The JTAG protocol can be implemented in a finite-state machine synchronous to the TCK signal. There are 16 states, and the next state upon TCK is defined by the TMS signal as shown in Fig. 1. These states are used to write and read an

Received 20 May 2024; revised 27 August 2024 and 6 October 2024; accepted 26 December 2024. Date of publication 8 January 2025; date of current version 17 March 2025. This work was supported in part by the Japan Society for the Promotion of Science (JSPS) Grant-in-Aid for Scientific Research C under Grant 21K03595. (Corresponding author: M. Nakao.)

M. Nakao, Y. Nakazawa, R. Honda, and N. Taniguchi are with High Energy Accelerator Research Organization (KEK), Tsukuba 305-0801, Japan (e-mail: mikihiko.nakao@kek.jp; nakancyo@post.kek.jp; rhonda@post.kek.jp; nanae@post.kek.jp).

H. Sudo is with The University of Tokyo, Tokyo 113-8654, Japan (e-mail: hiroto.sudo@hep.phys.s.u-tokyo.ac.jp).

Color versions of one or more figures in this article are available at <https://doi.org/10.1109/TNS.2025.3526952>.

Digital Object Identifier 10.1109/TNS.2025.3526952



Fig. 1. JTAG state transition.



Fig. 2. JTAG chain.

instruction register (IR) and data registers (DRs); TDI carries the input data, and TDO carries the output data. In the Xilinx tools, the TCK signal, despite its name, is not a fixed frequency clock signal but is a trigger to make a transition from the current state to the next with a predefined minimal interval. The TDO signal has to arrive within the TCK interval, and this constraint limits the TCK interval and, hence, the maximum JTAG cycle frequency, or the length of the JTAG cable.

Multiple devices can be connected in a chain as shown in Fig. 2. The TDO output should be identical for the same programming sequence of the same device and firmware, and if there is no error, it is possible to program multiple devices in parallel to effectively reduce programming time, just by distributing the same TDI signal and using the logical-AND or logical-OR of TDO signals. When there is an error, it may be undetected and, hence, an additional validation mechanism is necessary.

In an HEP experiment, the FPGA devices are often located at a remote place, far from the PC where the programming software runs. A typical way is to convert the signal into low-voltage differential signaling (LVDS) or other differential

signaling. Since JTAG signals are not direct current (DC) balanced, alternating current (AC) coupling cannot be used, and the electrical ground has to be connected over a long distance. It is not possible to use small form-factor pluggable (SFP) optical transceiver modules or other commodity modules that are popular for high-speed serial data transmission, as they are internally AC coupled. In addition, the latency due to the long distance requires a larger TCK interval and, hence, lower programming speed. Typically, for a 10-m LVDS extension setup, the default 6-MHz programming of the Xilinx Impact program does not work, and the frequency has to be reduced to 3 MHz, hence the FPGA programming takes twice as much time.
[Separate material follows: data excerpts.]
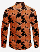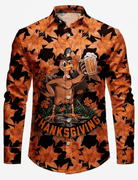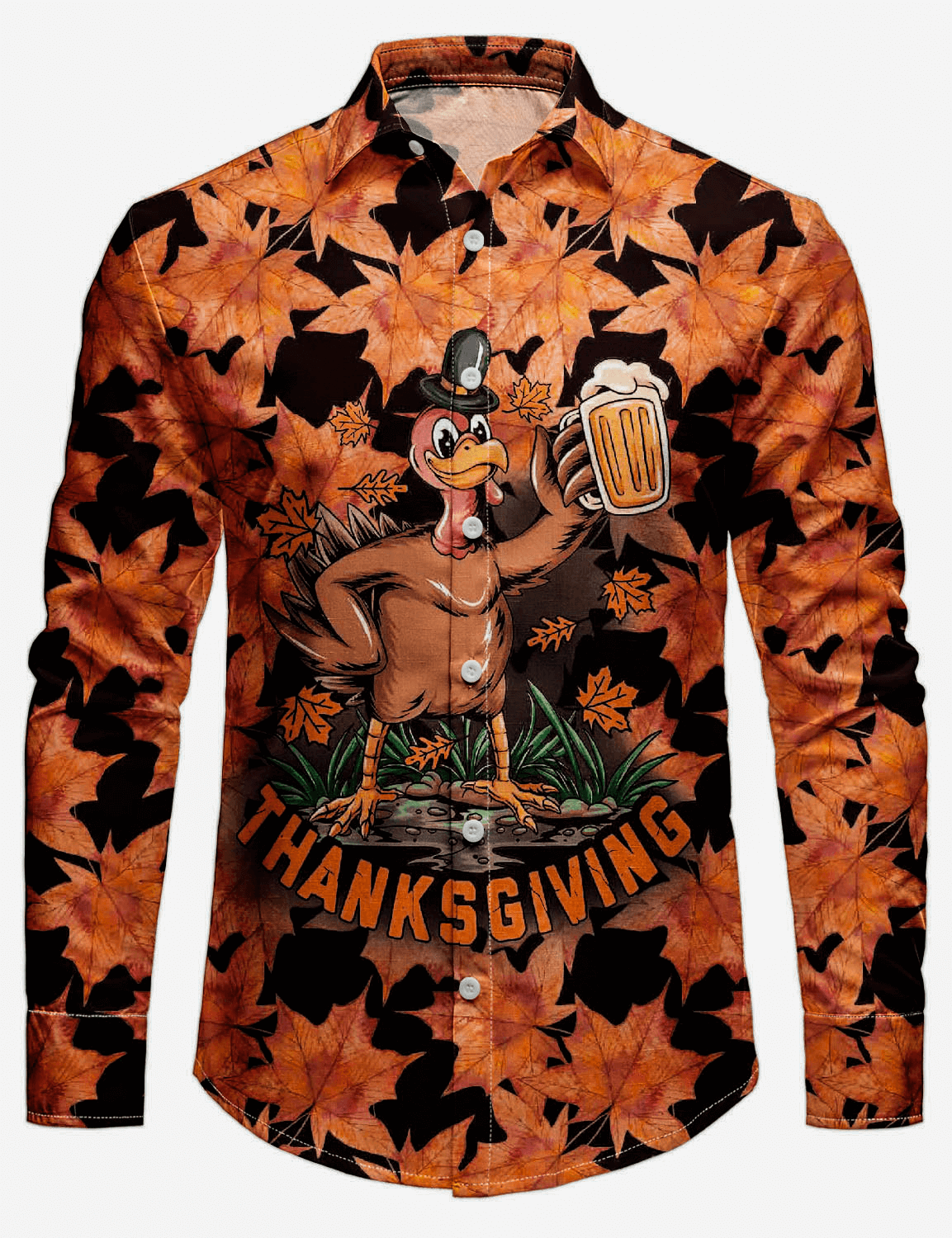 Men's Thanksgiving Beer Turkey Maple Leaf Print Black Long Sleeve Shirt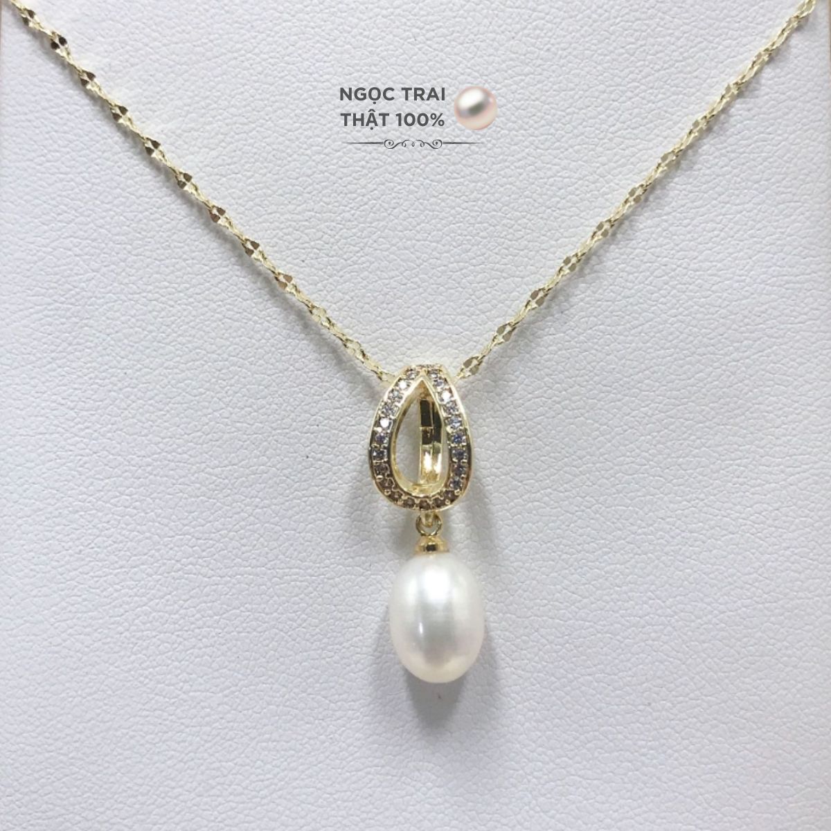 - Ngọc trai nước ngọt tự nhiên: Được chế tác từ ngọc trai nước ngọt tự nhiên, mặt dây chuyền này không chỉ mang đến vẻ đẹp lấp lánh và sang trọng mà còn đảm bảo độ bền và độ bóng lâu dài. Chất liệu ngọc trai tự nhiên này là lựa chọn lý tưởng cho những ai yêu thích sự thanh thoát và quý phái.
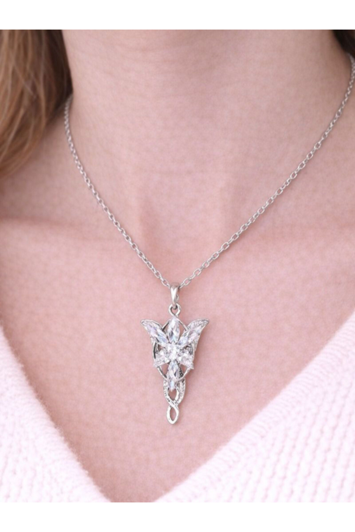 Product Name : Silver Evenstar-Arwen Necklace Item Size : 5 x 3 cm Weight: 21 Gr Metal: Silver Plated Chain length: 50 cm Story : Valentine's gift necklace, Wife's special necklace, Mother's gift necklace, Birthday necklace, Best selling necklace, Women's necklace models, Birthday gift woman necklace, Anniversary gift necklace, Valentine's day gift, Women's day necklace gift, Special day necklaces, Most stylish gift necklace, Personalized necklace woman, Elegant necklace gift, Valentine's gift, Special day gift, Love and commitment, Anniversary gift, Birthday surprise, Mother's day special gift, Meaningful gift for the New Year, Women's day gift, Elegant and stylish necklaces, Spiritual gifts, Best gift ideas, Classic and modern design, Precious and stylish gift selection, Gifts for all ages, Gift Suggestions for women, Silver Plated Evening Evening Star () - Arwen Necklace This charming necklace is the design of the Evening Star, one of the iconic one of the universe.

We describe the current situation and problems in Section II, then present a new solution in Sections III–VI in steps, and conclude in Section VII.

## II. PRESENT JTAG AT BELLE II

The Belle II experiment is a flavor physics experiment to search for physics beyond the Standard Model from an unprecedentedly large sample of decays of bottom mesons, charm hadrons, and tau leptons. The Belle II detector consists of seven subdetectors, of which three of them, the central drift chamber (CDC), the time-of-propagation counter (TOP), and the aerogel ring-image Cherenkov counter (ARICH), use FPGA boards inside the detector volume where space is very limited, cabling is very tight, and the radiation due to gamma rays and neutrons is very harsh. The CDC uses 299 FPGA boards each with a Xilinx Virtex 5 FPGA, the TOP uses 64 FPGA boards with Xilinx ZYNQ, and the ARICH uses 72 FPGA boards with Xilinx Virtex 5.

These FPGA boards are located up to 10 m away from areas where radiation is not critical for FPGAs. The current FPGA boards use JTAG signals translated to LVDS for the long-distance DC coupling transport over category-7 Ethernet cables. We also use similar category-7 Ethernet cables to distribute the clock, trigger, and other timing signals to these FPGA boards using a custom *b2tt* serial protocol [5] which is DC-balanced and capable of AC-coupled connections. The source of JTAG signals is the frontend-timing-switch (FTSW) module [5], which has an FPGA connected to 20 RJ-45 ports via general-purpose dc-coupled LVDS lines. Optionally, eight RJ45 ports can be replaced by eight SFP transceivers.

The JTAG sequences are distributed over the *b2tt* protocol, as a part of the timing distribution. Functions corresponding to *initialize chain*, *get idcode*, *program*, and *verify* are implemented in a custom program *jtagft*, which runs on a single-board computer to directly manipulate an FTSW module. The JTAG sequences are then distributed over the *b2tt* protocol to another FTSW, which generates the JTAG signals for the target FPGA. In the case of the TOP subdetector, the FTSW module is used just as the switcher of the JTAG signals provided by the Vivado software and a USB cable with a long-distance extension, since the *jtagft* program does not support the programming of the processor part of the ZYNQ FPGA.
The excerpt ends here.